### Problem to work on
From the line with "Världens godaste havrecookies" through the line with "Každá malá holčička", inclusive, return each line of the data below exactly and leave the rest out.
------ Data supplied ------
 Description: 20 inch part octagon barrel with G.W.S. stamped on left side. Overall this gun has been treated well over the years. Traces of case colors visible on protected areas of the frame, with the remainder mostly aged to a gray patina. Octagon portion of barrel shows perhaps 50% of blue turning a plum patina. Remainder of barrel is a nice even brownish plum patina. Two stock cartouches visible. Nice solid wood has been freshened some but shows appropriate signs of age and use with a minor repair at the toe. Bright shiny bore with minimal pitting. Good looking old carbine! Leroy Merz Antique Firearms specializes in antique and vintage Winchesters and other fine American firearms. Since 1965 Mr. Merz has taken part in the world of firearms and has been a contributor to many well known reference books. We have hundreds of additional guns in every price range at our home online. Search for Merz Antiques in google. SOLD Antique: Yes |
------
------ Data supplied ------
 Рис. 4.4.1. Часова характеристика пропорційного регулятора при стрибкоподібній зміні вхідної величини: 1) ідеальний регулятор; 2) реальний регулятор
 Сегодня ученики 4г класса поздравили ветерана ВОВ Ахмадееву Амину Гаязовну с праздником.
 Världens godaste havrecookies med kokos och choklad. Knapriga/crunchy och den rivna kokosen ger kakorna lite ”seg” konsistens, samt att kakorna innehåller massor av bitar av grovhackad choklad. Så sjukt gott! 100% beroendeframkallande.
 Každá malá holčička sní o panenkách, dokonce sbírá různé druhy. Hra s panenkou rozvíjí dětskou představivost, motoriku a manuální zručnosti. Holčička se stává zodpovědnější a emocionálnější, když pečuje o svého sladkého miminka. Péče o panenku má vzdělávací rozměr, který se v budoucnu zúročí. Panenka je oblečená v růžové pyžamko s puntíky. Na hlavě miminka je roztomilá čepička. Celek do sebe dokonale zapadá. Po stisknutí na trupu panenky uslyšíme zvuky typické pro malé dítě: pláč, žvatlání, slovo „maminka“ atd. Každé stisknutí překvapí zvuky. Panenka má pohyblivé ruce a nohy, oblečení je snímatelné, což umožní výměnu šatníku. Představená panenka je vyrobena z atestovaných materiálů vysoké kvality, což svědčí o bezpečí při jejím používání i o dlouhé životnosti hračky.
------
### Written answer
 Världens godaste havrecookies med kokos och choklad. Knapriga/crunchy och den rivna kokosen ger kakorna lite ”seg” konsistens, samt att kakorna innehåller massor av bitar av grovhackad choklad. Så sjukt gott! 100% beroendeframkallande.
 Každá malá holčička sní o panenkách, dokonce sbírá různé druhy. Hra s panenkou rozvíjí dětskou představivost, motoriku a manuální zručnosti. Holčička se stává zodpovědnější a emocionálnější, když pečuje o svého sladkého miminka. Péče o panenku má vzdělávací rozměr, který se v budoucnu zúročí. Panenka je oblečená v růžové pyžamko s puntíky. Na hlavě miminka je roztomilá čepička. Celek do sebe dokonale zapadá. Po stisknutí na trupu panenky uslyšíme zvuky typické pro malé dítě: pláč, žvatlání, slovo „maminka“ atd. Každé stisknutí překvapí zvuky. Panenka má pohyblivé ruce a nohy, oblečení je snímatelné, což umožní výměnu šatníku. Představená panenka je vyrobena z atestovaných materiálů vysoké kvality, což svědčí o bezpečí při jejím používání i o dlouhé životnosti hračky.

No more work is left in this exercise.